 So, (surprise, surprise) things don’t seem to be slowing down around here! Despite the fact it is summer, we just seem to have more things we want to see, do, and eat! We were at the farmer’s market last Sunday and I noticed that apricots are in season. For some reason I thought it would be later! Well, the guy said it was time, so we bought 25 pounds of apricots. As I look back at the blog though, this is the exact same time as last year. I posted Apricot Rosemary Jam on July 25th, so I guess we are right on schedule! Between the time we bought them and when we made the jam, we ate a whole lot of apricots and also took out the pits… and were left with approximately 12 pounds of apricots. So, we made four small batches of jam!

□ □ □ □

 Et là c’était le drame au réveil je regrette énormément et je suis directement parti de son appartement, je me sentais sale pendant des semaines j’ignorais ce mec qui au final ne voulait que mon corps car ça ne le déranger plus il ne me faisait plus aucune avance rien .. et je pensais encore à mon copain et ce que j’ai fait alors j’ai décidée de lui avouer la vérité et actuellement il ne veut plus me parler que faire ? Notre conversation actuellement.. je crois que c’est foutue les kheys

□ □ □ □

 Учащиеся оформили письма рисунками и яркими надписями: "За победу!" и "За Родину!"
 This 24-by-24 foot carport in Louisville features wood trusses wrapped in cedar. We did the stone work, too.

□ □ □ □

= Work item =
For the listing above, print only the lines starting at the line containing "Учащиеся оформили письма" and ending at the line containing "This 24-by-24 foot", exactly, both included.

= Answer to the exercise =
 Учащиеся оформили письма рисунками и яркими надписями: "За победу!" и "За Родину!"
 This 24-by-24 foot carport in Louisville features wood trusses wrapped in cedar. We did the stone work, too.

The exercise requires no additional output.